REQUIRED ACTION
After locating the line that contains "- Глянцевое покрытие" in the data below, set down exactly that line and each one after it through the line that contains "10月25日至28日,国药控", and nothing more.

[[ DATA SHOWN open ]]

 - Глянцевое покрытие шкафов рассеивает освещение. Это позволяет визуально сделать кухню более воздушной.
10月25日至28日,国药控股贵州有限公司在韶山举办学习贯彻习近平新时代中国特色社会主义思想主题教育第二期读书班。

[[ DATA SHOWN closed ]]
[[ DATA SHOWN open ]]

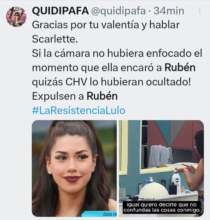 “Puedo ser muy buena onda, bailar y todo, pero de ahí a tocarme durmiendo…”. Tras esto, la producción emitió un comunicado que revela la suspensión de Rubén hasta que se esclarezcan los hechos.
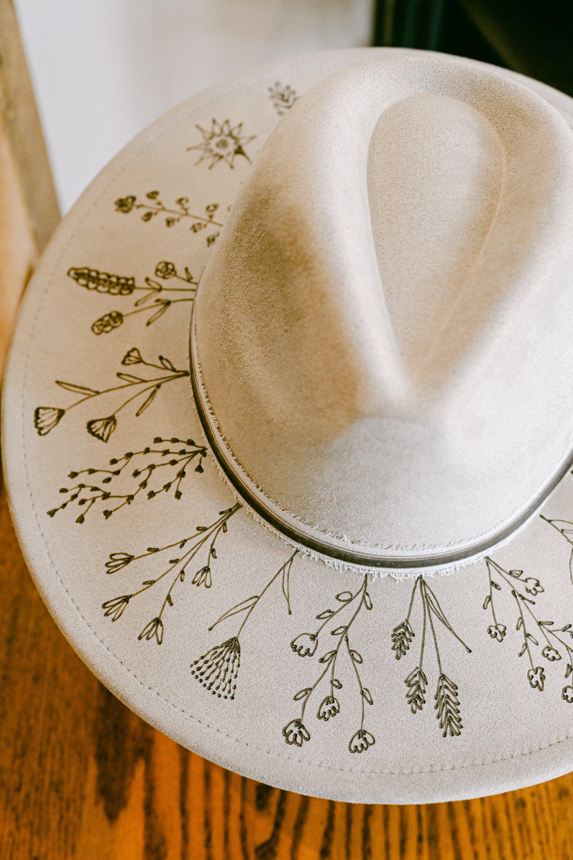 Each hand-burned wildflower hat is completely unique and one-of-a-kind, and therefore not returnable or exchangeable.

[[ DATA SHOWN closed ]]

RESPONSE FOR THIS EXERCISE
 - Глянцевое покрытие шкафов рассеивает освещение. Это позволяет визуально сделать кухню более воздушной.
10月25日至28日,国药控股贵州有限公司在韶山举办学习贯彻习近平新时代中国特色社会主义思想主题教育第二期读书班。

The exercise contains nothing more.